Rademacher Meets Colors: More Expressivity, but at What Cost ?
Martin Carrasco, Caio F. Deberaldini Netto, Vahan A. Martirosyan, Aneeqa Mehrab, Ehimare Okoyomon, Caterina Graziani
TL;DR
This work analyzes why increasing GNN expressivity can harm generalization by tying expressivity to color-based partitions via WL colorings and linking this to data-dependent Rademacher complexity. The main result shows the empirical Rademacher complexity is bounded by the number of color classes $p$ induced by the coloring, with tighter bounds to $\sqrt{p/m}$ when outputs lie in $[-1,1]$, demonstrating a concrete expressivity-generalization trade-off. It further proves stability under color-count perturbations and extends the analysis to arbitrary coloring schemes beyond 1-WL, providing a unified framework across GNN architectures.
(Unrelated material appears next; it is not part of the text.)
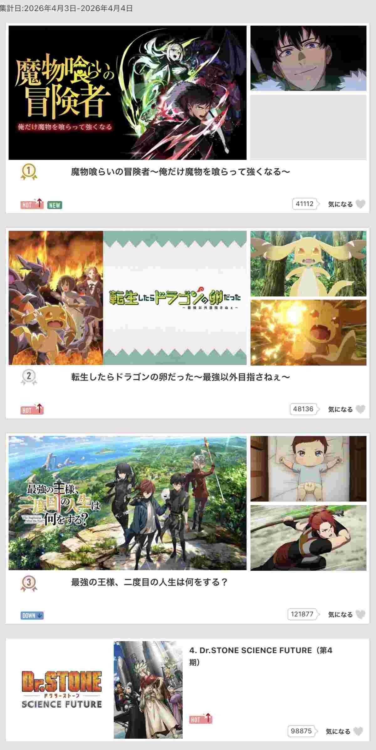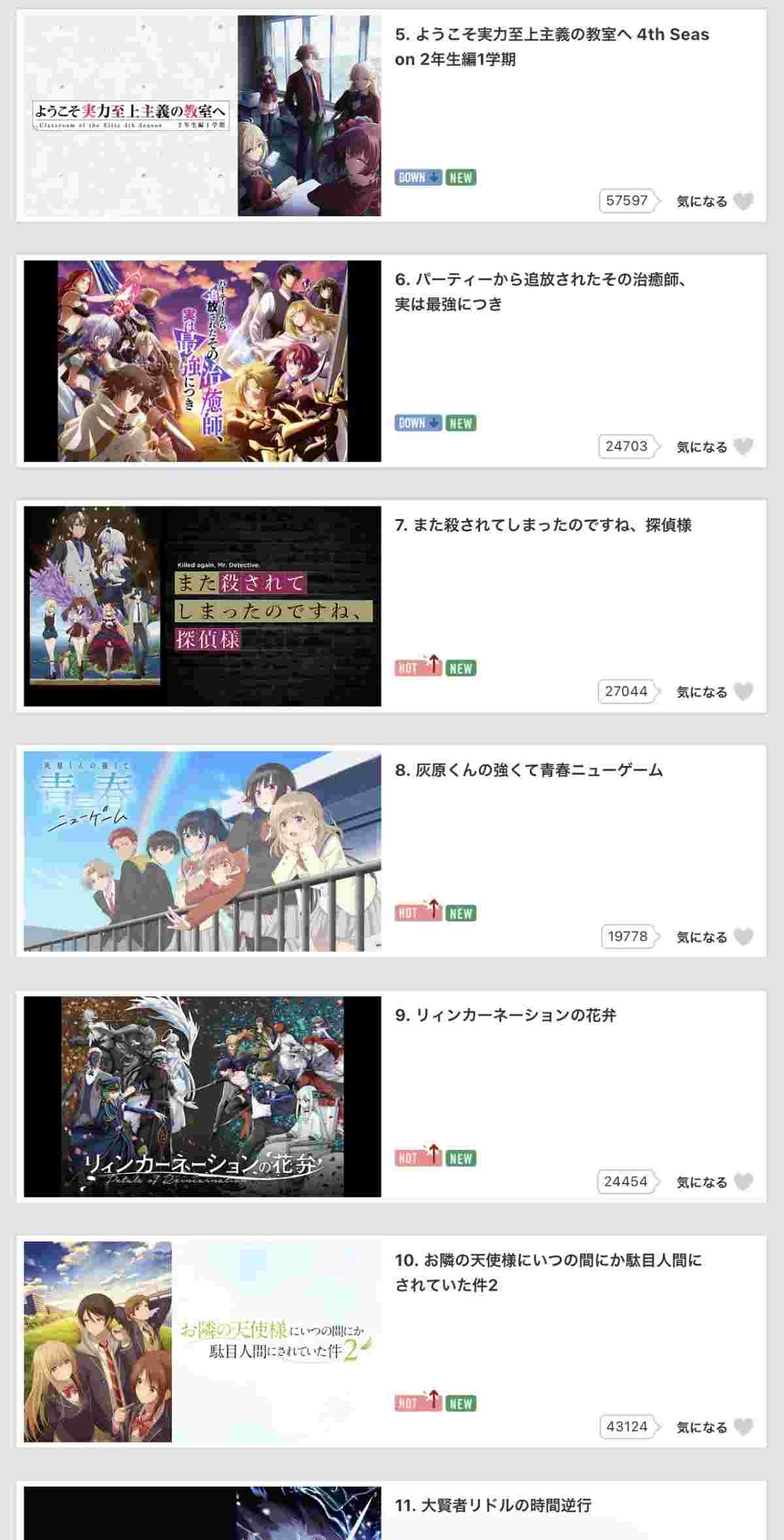 リゼロとか転スライスとかウィストリアとかは前シーズンから見なくなってる
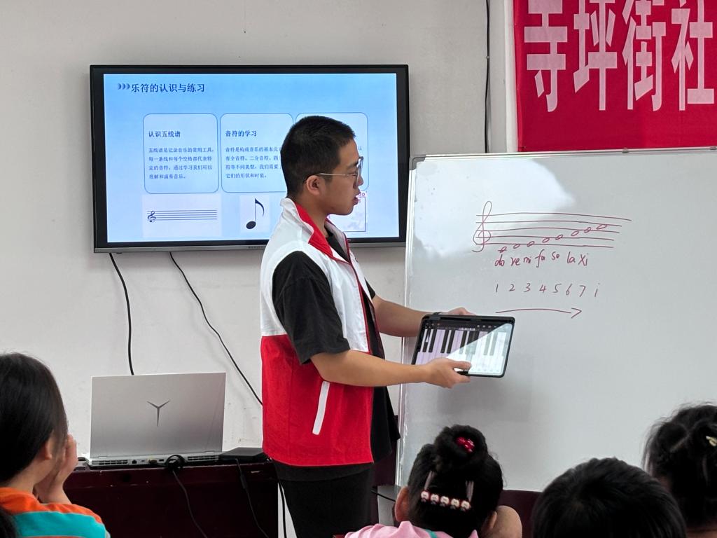 随后,志愿者徐张义以通过多媒体教学手段带领孩子们领略了音乐基础知识,并采用平板辅助教学等手段,给孩子们上了一堂别开生面的音乐课。

The findings offer principled guidance for designing expressive yet robust GNNs and motivate future work on extending the approach to broader graph-learning tasks and distributional settings.
Abstract
The expressive power of graph neural networks (GNNs) is typically understood through their correspondence with graph isomorphism tests such as the Weisfeiler-Leman (WL) hierarchy. While more expressive GNNs can distinguish a richer set of graphs, they are also observed to suffer from higher generalization error. This work provides a theoretical explanation for this trade-off by linking expressivity and generalization through the lens of coloring algorithms. Specifically, we show that the number of equivalence classes induced by WL colorings directly bounds the GNNs Rademacher complexity -- a key data-dependent measure of generalization. Our analysis reveals that greater expressivity leads to higher complexity and thus weaker generalization guarantees. Furthermore, we prove that the Rademacher complexity is stable under perturbations in the color counts across different samples, ensuring robustness to sampling variability across datasets. Importantly, our framework is not restricted to message-passing GNNs or 1-WL, but extends to arbitrary GNN architectures and expressivity measures that partition graphs into equivalence classes. These results unify the study of expressivity and generalization in GNNs, providing a principled understanding of why increasing expressive power often comes at the cost of generalization.